Dr. Andreas Schröder
Institute of Aerodynamics and Flow Technology
German Aerospace Center (DLR)
Institute Website< https://www.dlr.de/as/en/desktopdefault.aspx/>
Dense 3D Lagrangian Particle Tracking using Shake-The-Box – A new key for turbulence research
The novel 3D Lagrangian Particle Tracking method “Shake-The-Box” (STB) is able to extract particle trajectories from volumetric flow measurements at unprecedented numbers. STB overcomes the ill-posed reconstruction problem for 3D particle distributions at high seeding densities present for each single time-step (as known for tomo-PIV and PTV) by pre-solving the problem for each predicted time-step in a cascade of reduced complexity along a time series of images. It delivers accurate data on particles position, velocity and acceleration (material derivative) along densely distributed tracks. Subsequently, data assimilation approaches can be applied to the dense and scattered input data. An example is the “FlowFit” (FF) method, which uses Navier-Stokes-constraints for an iterative non-linear optimization process in order to gain a continuous interpolation of the flow field with minimized deviation to the measurement data. As a result one gets the full time-resolved velocity gradient tensor and pressure field with high spatial and temporal resolution.

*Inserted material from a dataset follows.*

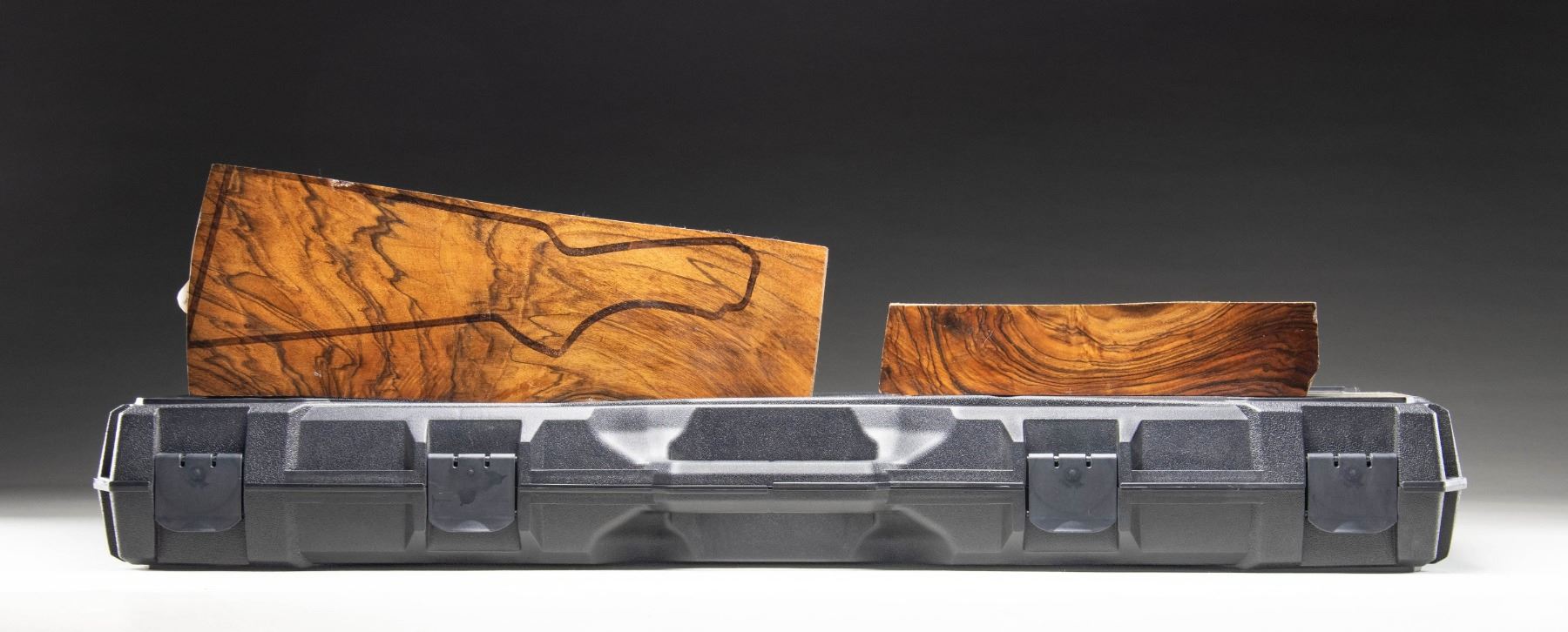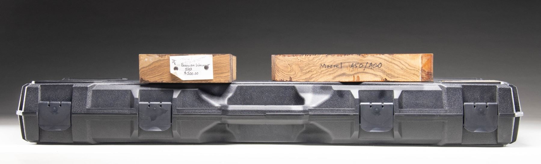 Set of English Walnut blanks consisting of: 1) x1 buttstock blank. Blank measures: Length: 20 1/4, Width: 7 1/4" (widest point), Thickness: 2 5/16". Blank is stenciled with the outline of a pistol grip buttstock in black ink on either side. One edge of the blank is tacked with a label that reads "TYPE: ENGLISH WALNUT/ Date: 5/03/ PRICE: $500.00". 2) x1 forearm blank. Blank measures: Length: 13 5/8", Width: 2 7/8", Thickness: 2 3/8". UNATTACHED ACCESSORIES: generic black polymer hard case. CONDITION: blanks are very good, with some light superficial handling marks. (02-24222/MLW). NON-GUN. $250-500.

The STB method can be applied as well to short recording sequences, acquired with multi-pulse techniques, allowing investigating high-speed flows at Reynolds numbers relevant for research in aerospace engineering.
Recent developments of STB and FF will be presented here, along with data from accuracy studies using synthetic experiments and a range of experimental applications to turbulent flows in small and large scale volumes (up to cubic-meter-scales using HFSB seeding). The combined availability of a large number of samples of dense 3D Lagrangian particle tracks and the full velocity gradient tensor allows for a multitude of evaluation options, e.g.:
• Extracting instantaneous 3D pressure fields and determining related loads on surfaces
• Investigating the spatial and temporal development of coherent flow structures
• Computing profiles and fields (mean velocity, Reynolds stresses, acceleration) in sub-pixel resolution
• Computing other one- and two-point–statistics (e.g. Joint PDFs, two-point-correlations, dissipation rate) in an adaptive (and conditional) bin-averaging approach
• Determining conditional analysis and statistics of flow events in a combined Lagrangian and Eulerian frame
Examples of the listed approaches for flow analyses and turbulence characterization based on experimental data will be demonstrated.